I love queso de Oaxaca! I would add that it has a nice chewy texture. I always buy it from the truck that sells it in my neighborhood on Sundays, along with other treats, like dried apples and nuez de la India


----------



## AlanMexicali

Isla Verde said:


> I love queso de Oaxaca! I would add that it has a nice chewy texture. I always buy it from the truck that sells it in my neighborhood on Sundays, along with other treats, like dried apples and nuez de la India


How much does the vendor charge there in DF for it? I found some vendors in the side streets near Monumento de la Revolucion charge less there than here on a few items, like a bag of french fries or hot fresh cooked potato chips, etc.


----------



## circle110

AlanMexicali said:


> Manchego is what I thought queso Oaxaca was almost identical to or even NOB mozzarella but Monterrey jack was sweeter. Yes we only buy the queso at the supermarket when out and again lazy. No need to pay extra.
> 
> The $85.00 per kilo is the everyday price at the cheese shop here and the $70.00 pesos [$35.00 for the 1/2 kilo bag] is the price at the mini cheese factory, not much of a drive away from the in laws.
> 
> Thanks for the heads up and yes some queso fresco crumbles nicely on many things, especially beans and salads.
> 
> Now I can go back to toaster oven open face cheese and a slice of tomato toast snacks were queso fresco did not work out.
> 
> It really is amasing how much you can save on food by shopping around here.
> 
> I FINALLY found a fruteria that sell Mexicali style corn tortillas... the fat large yellow corn type well baked, not the usualy small thin white corn semi raw ones popular here. They need a spot of oil to crisp up when making quesadillas and are tasty that way.


I'd say manchego is similar to Oaxaca but, as I mentioned in my reply to Mickisue, I find that Oaxaca has a bit more "character" to its flavor. Sometimes I want that, and sometimes I prefer the milder flavor of manchego. The manchego we buy is very similar to Monterrey jack and when we go to the US, we use jack cheese to replace manchego. 
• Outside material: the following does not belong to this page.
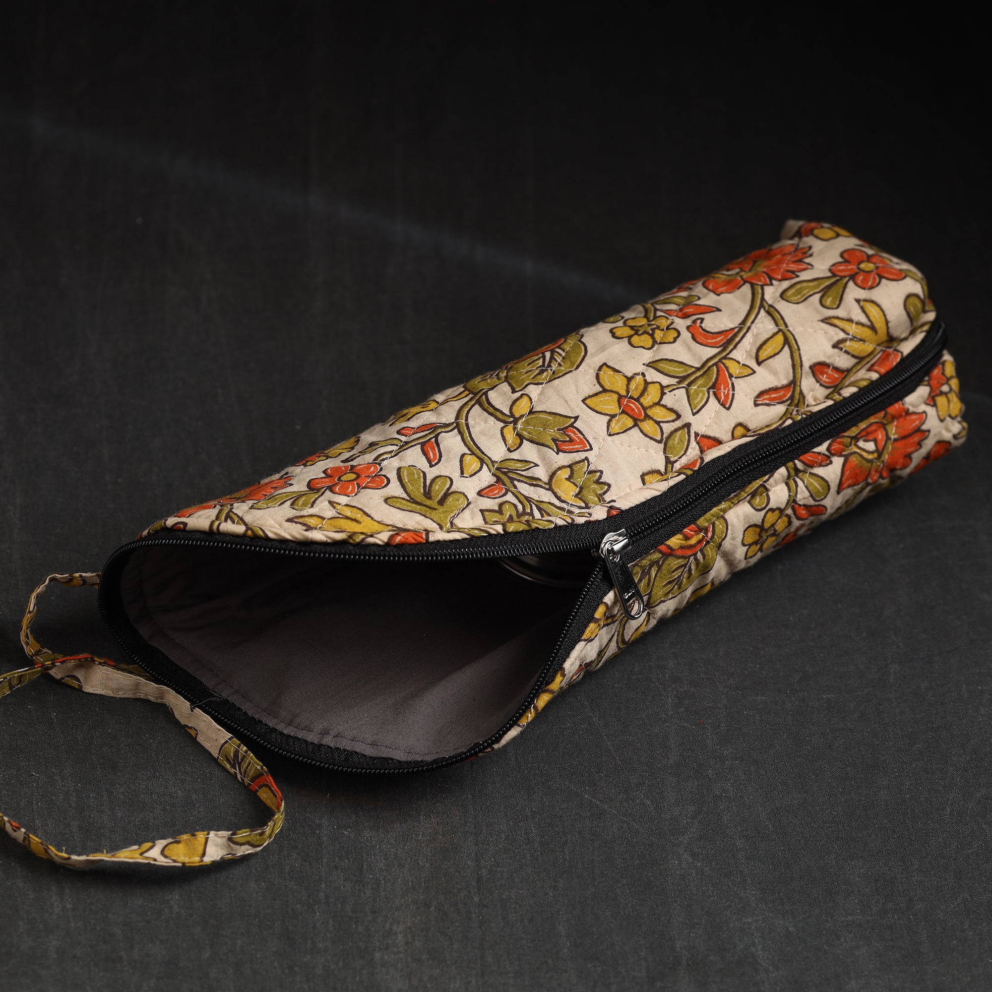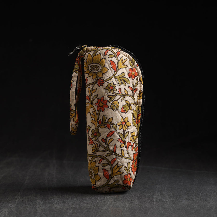 This handmade printed beige cotton water bottle cover is a charming blend of tradition and functionality. It has a cotton lining inside and a zipper main closure. Crafted from high-quality cotton, this cover adds a touch of elegance to your hydration routine. Designed to fit most bottles, it keeps your drink insulated and protects the bottle from scratches or dents while making a fashion statement.

Since I grew up in Chicago, I am addicted to good pizza and the pizza here in Guanajuato is HORRIBLE. Inedible. So I make my own pizzas here at home and have found the combo of manchego and mozzarella to work very well. When I compare the two side by side, I think the mozzarella is a little saltier and drier than the manchego, which is softer and a little bit sweeter. We also make chicken parmasian and if we don't have mozzarella, the manchego works just fine in its place. For the pizza I always use the combo.
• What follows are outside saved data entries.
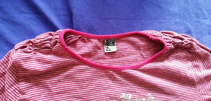 Pour accéder aux vêtements taille 14ans appuyez ici---->#kat59147fille14ans Robe manches longues de marque tape a l oeil effet petit volant en bas. Elastiques aux epaules. Rayures rouge ou fushia et gris.
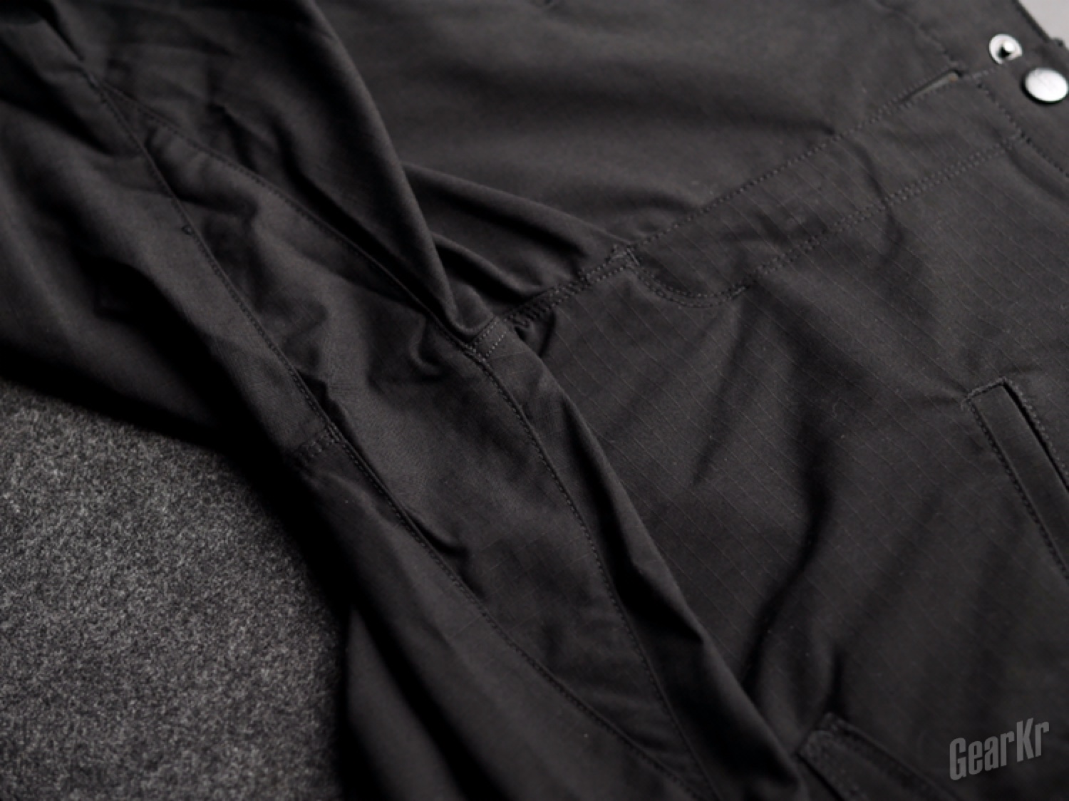 胯骨侧面是和硬朗布料相对的超级有弹性的透气面料,减少闷热的同时加大裤腰的弹力。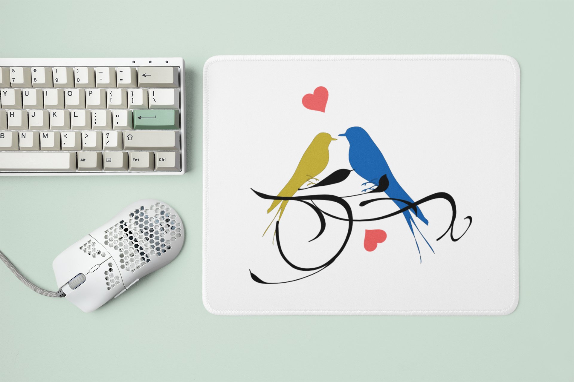Love Birds With Cute Heart- Designable Printed Mousepads(20cm x 18cm)
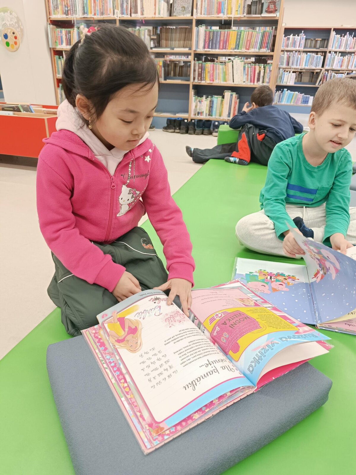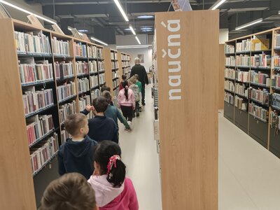 Podruhé jsme navštívili městskou knihovnu. Pan knihovník nám připomněl, co všechno se v knihovně dá najít – CD s namluvenými pohádkami, mapy, časopisy, odborné knihy a nakonec to, co nás zajímalo nejvíce: knížky v dětském oddělení.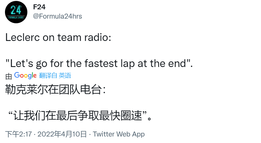 【澳大利亚正赛】勒克莱尔在TR中表示要冲最快圈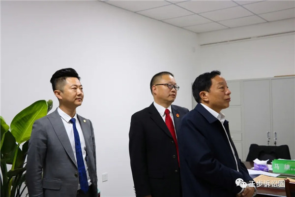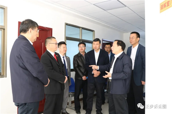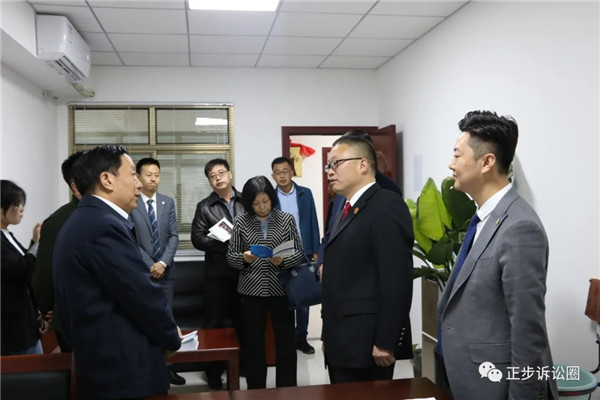 牛厅长一行参观了当事人接待室、律师调解室和疑难案件分析室。查阅了相关案件材料,并就调解室的运行流程、案件办理程序等进行了详细的询问。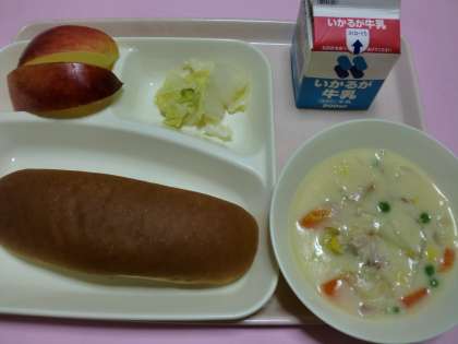 ★コーンクリームシチュー[米粉]・はくさいのピクルス・りんご・黒糖パン・牛乳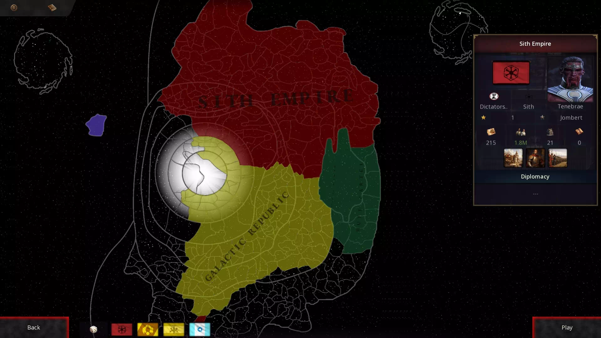 — Добавлены новые фракции: Империя ситхов, Империя скверны, Сепаратистский альянс, Галактическая республика, Торговая федерация, Галактический альянс, Техносоюз, Межгалактический банковский клан.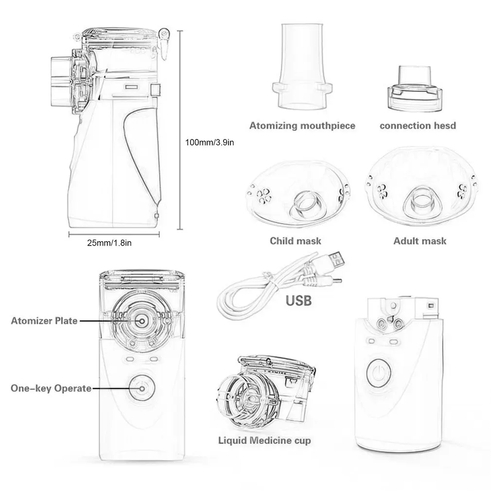Ультразвуковой портативный небулайзер, электронная сигарета, медицинский бытовой ингалятор от астмы и кашля для детей и взрослых
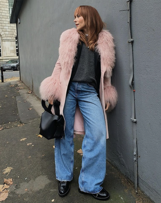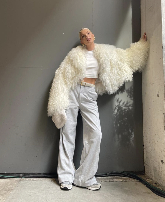 混搭运动休闲风格的牛仔裤、西装裤、运动裤等,这些单品的松弛感总能拉近毛毛大衣与日常的距离。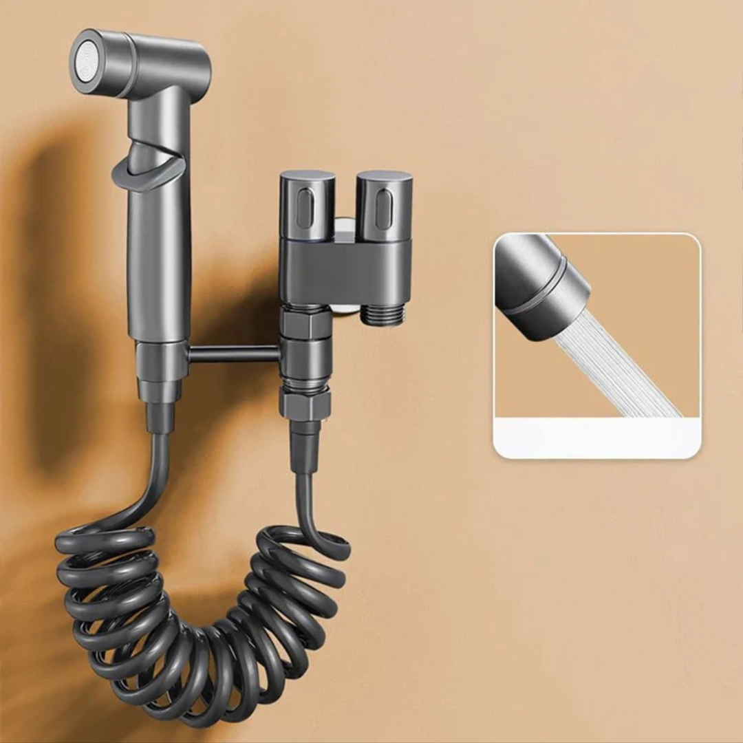 Dette veggmonterte bidetdusjsettet lar deg rengjøre med rennende vann i stedet for tørt toalettpapir, slik at du unngår irritasjon, ubehag og lukt. Det gir badet ditt en moderne oppgradering samtidig som det tilbyr en mer hygienisk og miljøvennlig rengjøringsmetode.

I'm starting to get hungry writing all this! Mmmm, pollo con mole verde is on the menu at casa circle110 for today. No cheese involved, but very tasty!


----------



## Isla Verde

AlanMexicali said:


> How much does the vendor charge there in DF for it? I found some vendors in the side streets near Monumento de la Revolucion charge less there than here on a few items, like a bag of french fries or hot fresh cooked potato chips, etc.


It's been a couple of weeks since I bought some, and I always buy it with other items, so I'm sure of the price. Maybe 40 to 50 pesos for 250 grams. The truck I patronize does not have cooked items like the french fries and chips you mention.


----------



## AlanMexicali

Isla Verde said:


> It's been a couple of weeks since I bought some, and I always buy it with other items, so I'm sure of the price. Maybe 40 to 50 pesos for 250 grams. The truck I patronize does not have cooked items like the french fries and chips you mention.
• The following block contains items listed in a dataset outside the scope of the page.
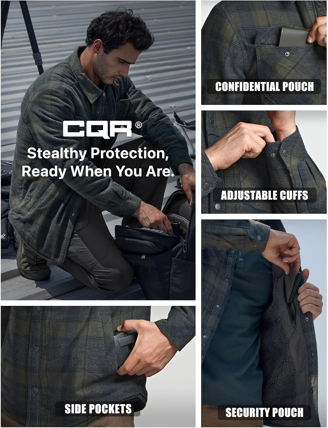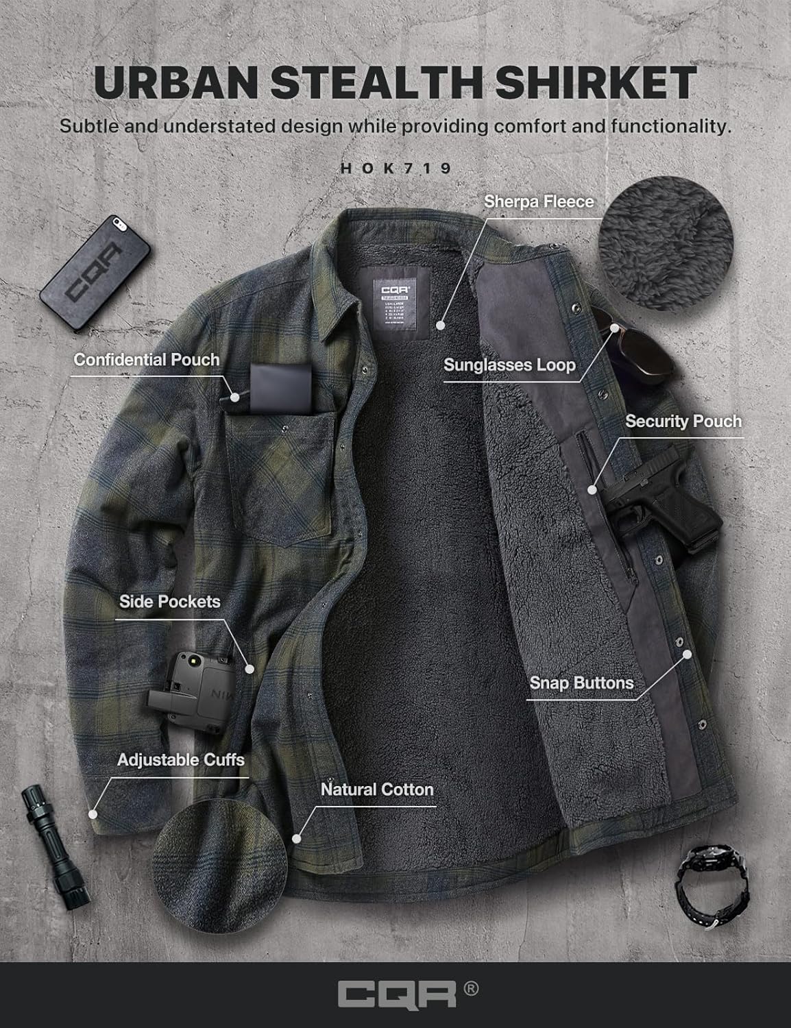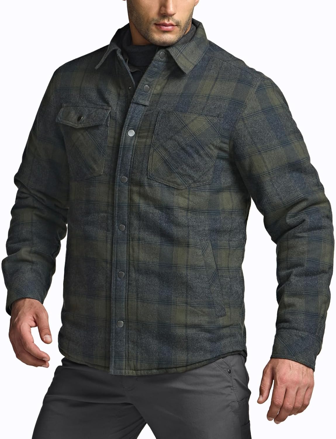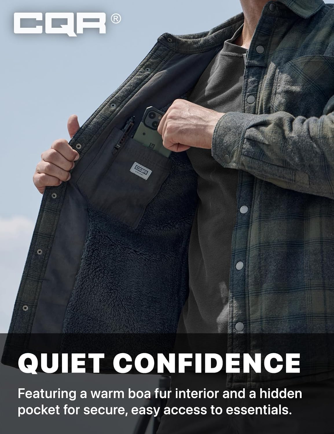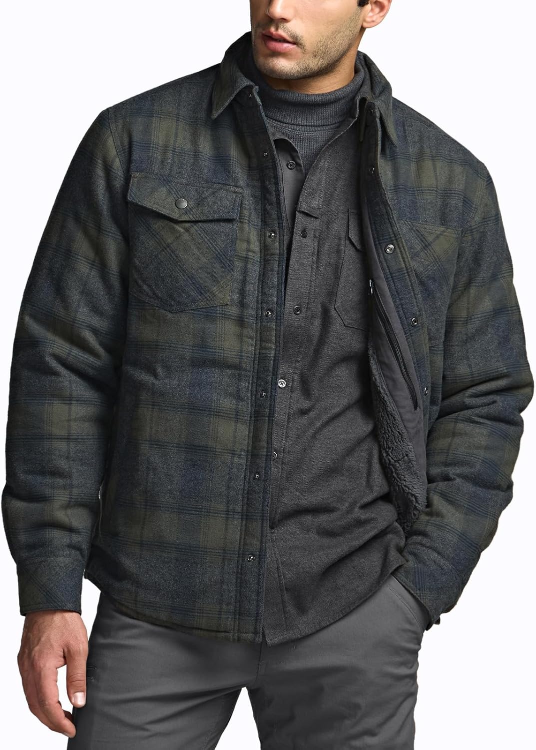CQR Men’s Plaid Flannel Shirt Jacket, Long Sleeve Soft Warm Sherpa/Quilted Lined Jacket, Outdoor Button Up/Zip-Front Jacket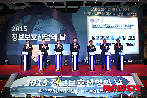 【서울=뉴시스】최진석 기자 = 최양희 미래창조과학부 장관이 9일 저녁 서울 영등포구 전경련회관에서 열린 '2015 정보보호산업의 날 기념식'에서 세레모니를 하고 있다.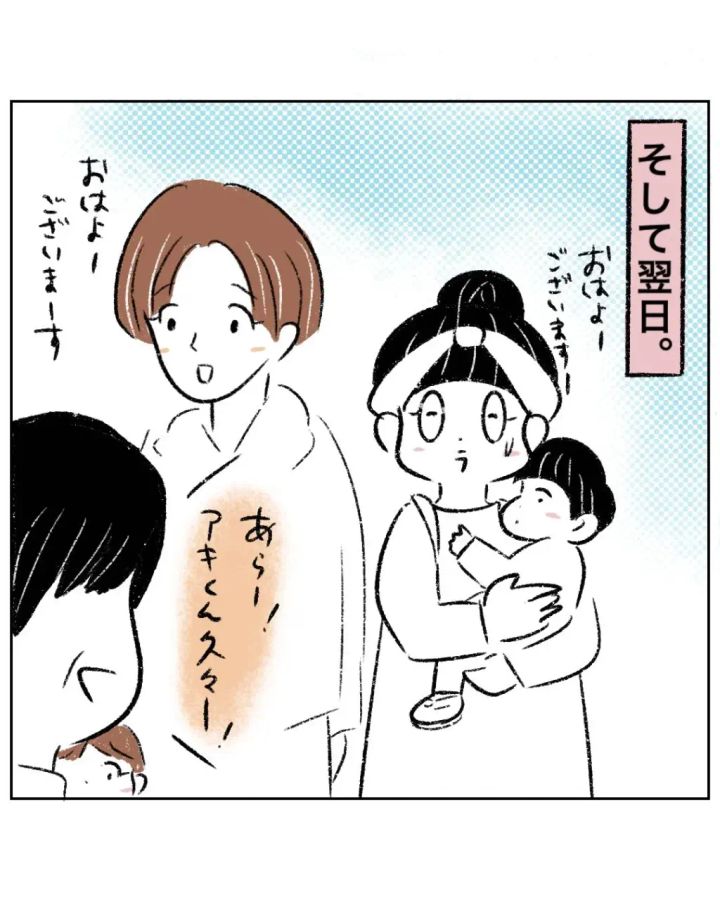 そして翌日。マキちゃんママと一緒に児童館に行ったまるさん。「おはよーございまーす」「あらー!アキくん久々ー」久しぶりに会うアキくんとまるさんに驚いていました。

No I meant the food vendors there. I presume the competion is the reason. Here there are fewer street food vendors than there and the permits are area specific it looks like. Most vendors set up at the daily moving tianguis. There a very few trucks or carts moving around here compared to some places I have been.

The ones that stay put have to break down their site and reset up in the morning if it public property, but not always the case.


----------



## Guategringo

> I'm starting to get hungry writing all this! Mmmm, pollo con mole verde is on the menu at casa circle110 for today. No cheese involved, but very tasty!


Here in Guate my wife makes enchiladas verdes using either Oaxaca or Manchego. She cooks up breast of chicken or boneless pork chops and then shreds them. Mixes that with the cheese and rolls it inside a flour tortilla or a corn tortilla. 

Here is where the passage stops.